_DATA SHOWN_
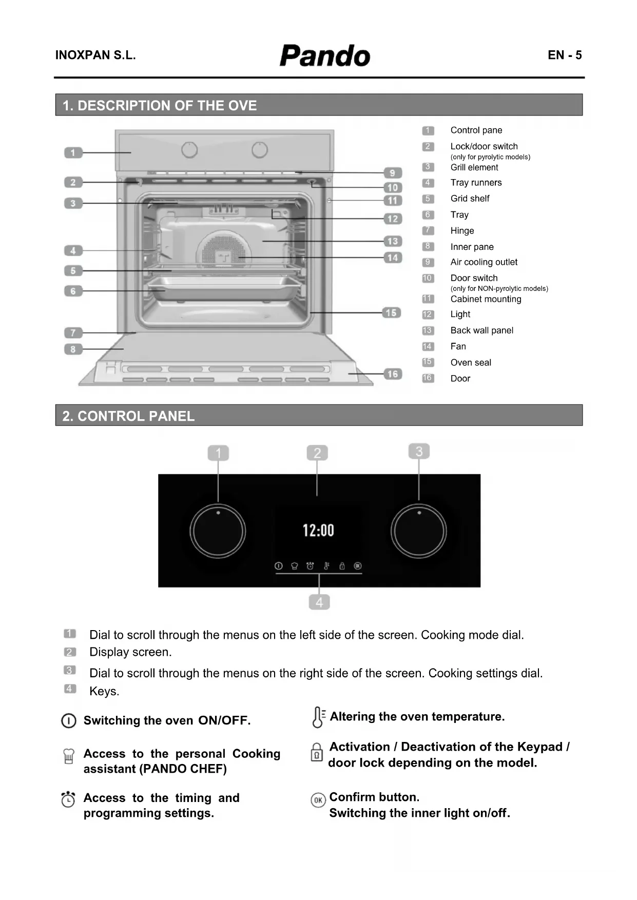 Before touching the inner surface of the oven directly, make sure that the temperature is not too hot.INOXPAN S.L. EN - 20
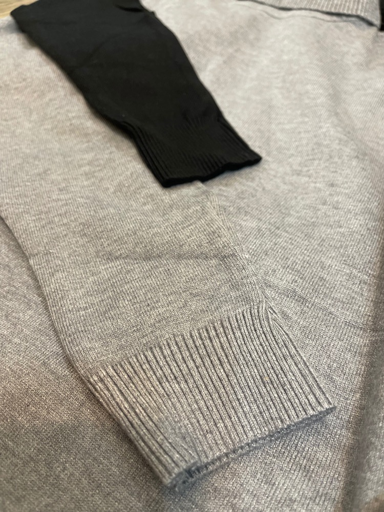 مدل یقهاسکی آن علاوه بر حفظ گرما، استایلی مینیمال و کلاسیک میسازد. ترکیب رنگهای پرطرفدار طوسی و مشکی، باعث میشود بهراحتی با انواع شلوار و پالتو ست شود.
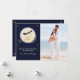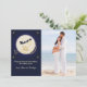 Un fondo azul de medianoche muestra la silueta del trineo y reno de Santa en plena luna blanca. "Feliz Navidad" está preimpreso en oro. Solo agrega tu foto favorita para que sea tuya.
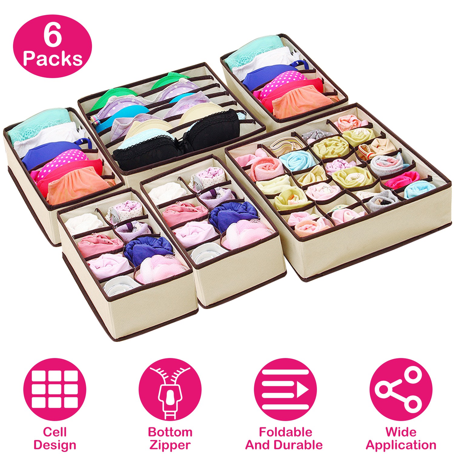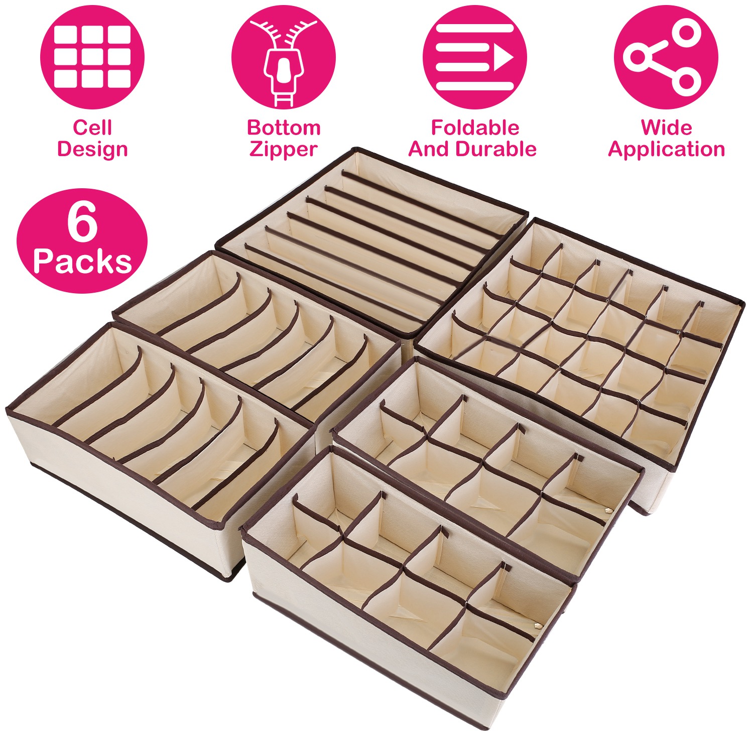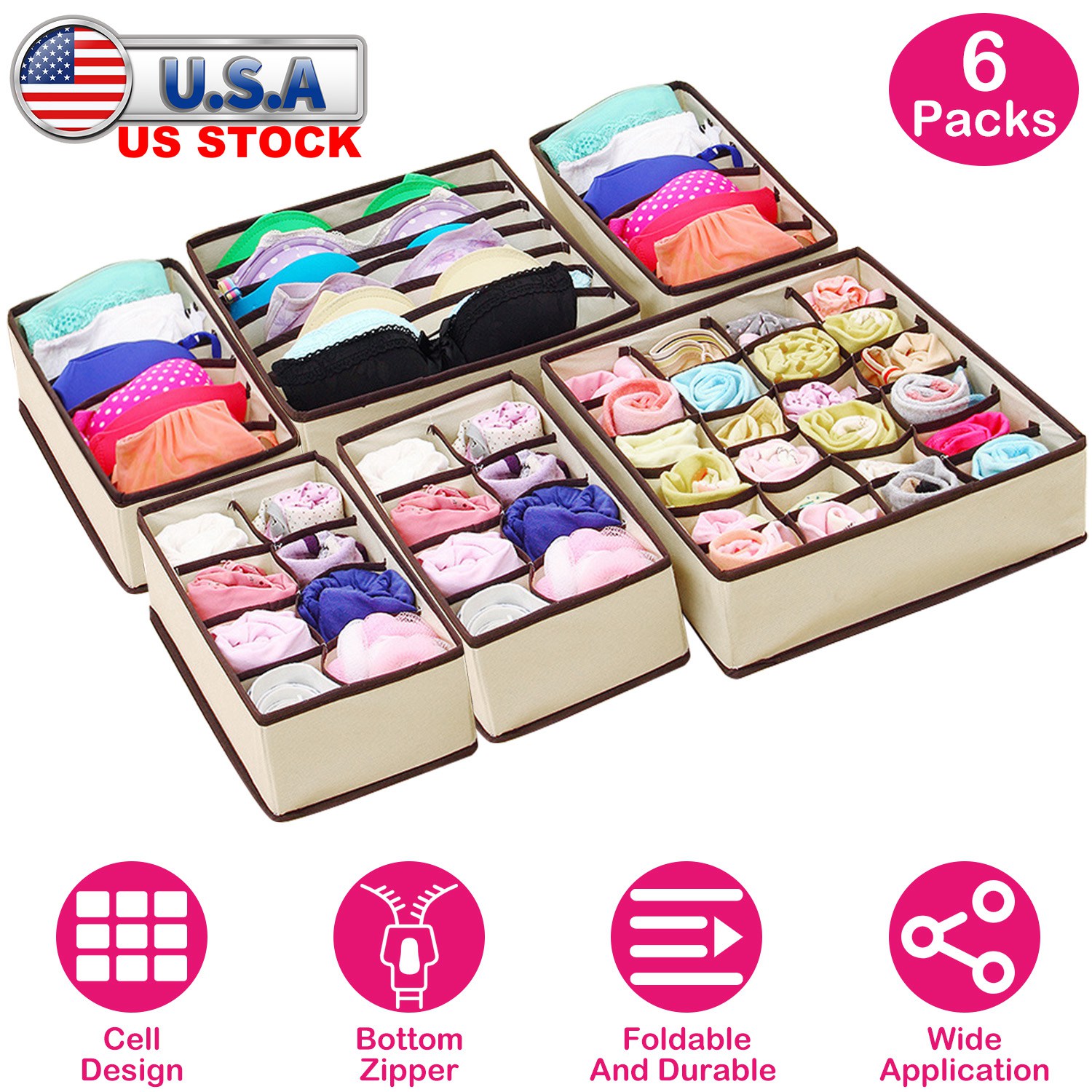 6Pcs Foldable Underwear Sock Bra Organizer Drawer Divider Container Bin Storage Box for Tie Handkerchief Belt
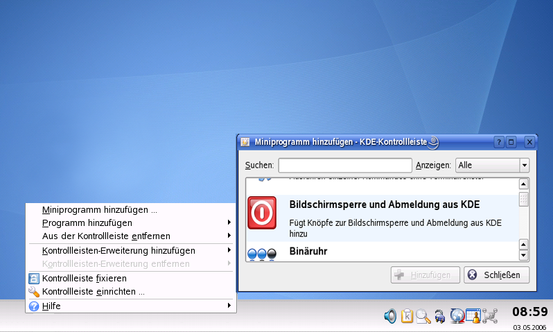 Sie können die KDE-Kontrollleiste entsprechend Ihrer Präferenzen anpassen, indem Sie Symbole hinzufügen, löschen oder verschieben oder das Gesamterscheinungsbild der Kontrollleiste verändern.
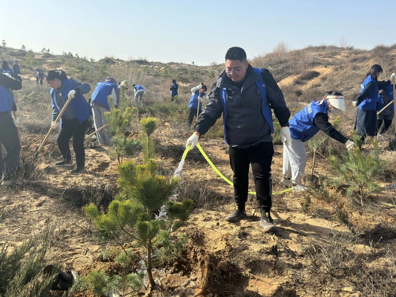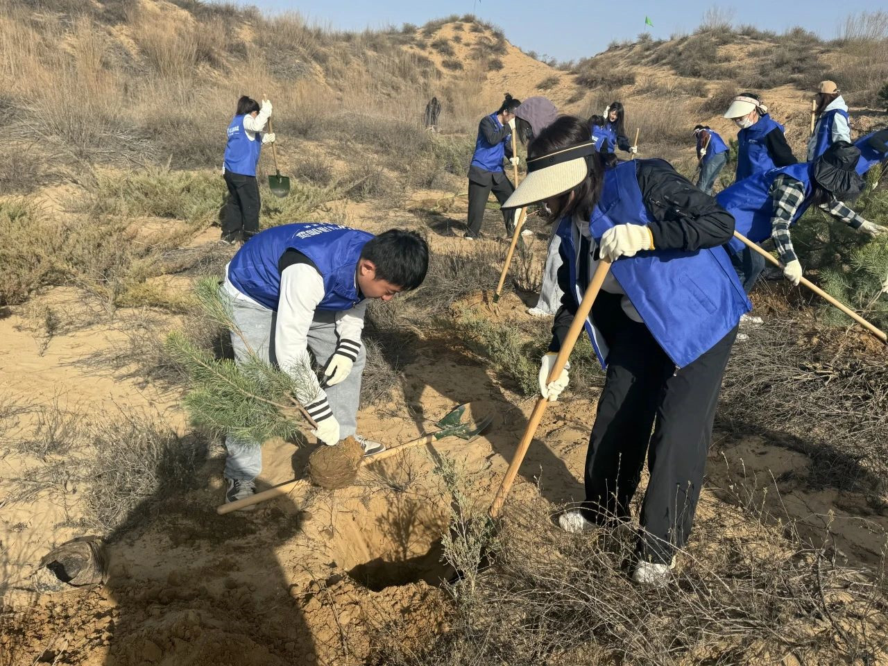 榆林的风沙曾是自然的叹息,如今却成了企业、学校与自然对话的课堂。每年春天,伽蓝洁具的员工与榆林高新二小的师生们并肩而立,铁锹破土、扶苗定根、清水润土,以双手为梭,在沙地上编织绿色的经纬。
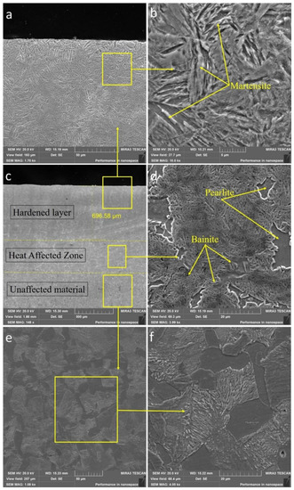 For the purpose of conducting a detailed study of the microstructure, a SEM analysis of the zones (Figure 5a–f) of the cross-section of 30CrMnSiA steel treated according to mode No. 2 with a large magnification was carried out. As shown in Figure 5e–f, the microstructure of the initial state of 30CrMnSiA steel consists of a ferrite-pearlite phase. A characteristic feature of the used EPTCH hardening technology is the zonality of the formed structures as the layer had a different microstructure in depth. They could be broadly divided into a hardening zone and a zone of thermal action from the surface in the direction of depth. The microstructure of the hardened layer consisted of a needle-like martensitic structure (Figure 5a–b), which is similar to a typical hardening microstructure [46]. Due to the high temperature reached during heating, the atoms in this region can be easily redistributed, which, upon subsequent cooling, forms a finely dispersed lamellar martensite. The depth of the hardened layer of sample No. 2 was measured and was approximately 700 microns, respectively. The heat-affected zone contains bainite, ferrite, and pearlite.

_WHAT IS REQUIRED_
The records above are to be reproduced exactly; the pictures are to be left out.

_ANSWER AREA_
 Before touching the inner surface of the oven directly, make sure that the temperature is not too hot.INOXPAN S.L. EN - 20
 مدل یقهاسکی آن علاوه بر حفظ گرما، استایلی مینیمال و کلاسیک میسازد. ترکیب رنگهای پرطرفدار طوسی و مشکی، باعث میشود بهراحتی با انواع شلوار و پالتو ست شود.
 Un fondo azul de medianoche muestra la silueta del trineo y reno de Santa en plena luna blanca. "Feliz Navidad" está preimpreso en oro. Solo agrega tu foto favorita para que sea tuya.
 6Pcs Foldable Underwear Sock Bra Organizer Drawer Divider Container Bin Storage Box for Tie Handkerchief Belt
 Sie können die KDE-Kontrollleiste entsprechend Ihrer Präferenzen anpassen, indem Sie Symbole hinzufügen, löschen oder verschieben oder das Gesamterscheinungsbild der Kontrollleiste verändern.
 榆林的风沙曾是自然的叹息,如今却成了企业、学校与自然对话的课堂。每年春天,伽蓝洁具的员工与榆林高新二小的师生们并肩而立,铁锹破土、扶苗定根、清水润土,以双手为梭,在沙地上编织绿色的经纬。
 For the purpose of conducting a detailed study of the microstructure, a SEM analysis of the zones (Figure 5a–f) of the cross-section of 30CrMnSiA steel treated according to mode No. 2 with a large magnification was carried out. As shown in Figure 5e–f, the microstructure of the initial state of 30CrMnSiA steel consists of a ferrite-pearlite phase. A characteristic feature of the used EPTCH hardening technology is the zonality of the formed structures as the layer had a different microstructure in depth. They could be broadly divided into a hardening zone and a zone of thermal action from the surface in the direction of depth. The microstructure of the hardened layer consisted of a needle-like martensitic structure (Figure 5a–b), which is similar to a typical hardening microstructure [46]. Due to the high temperature reached during heating, the atoms in this region can be easily redistributed, which, upon subsequent cooling, forms a finely dispersed lamellar martensite. The depth of the hardened layer of sample No. 2 was measured and was approximately 700 microns, respectively. The heat-affected zone contains bainite, ferrite, and pearlite.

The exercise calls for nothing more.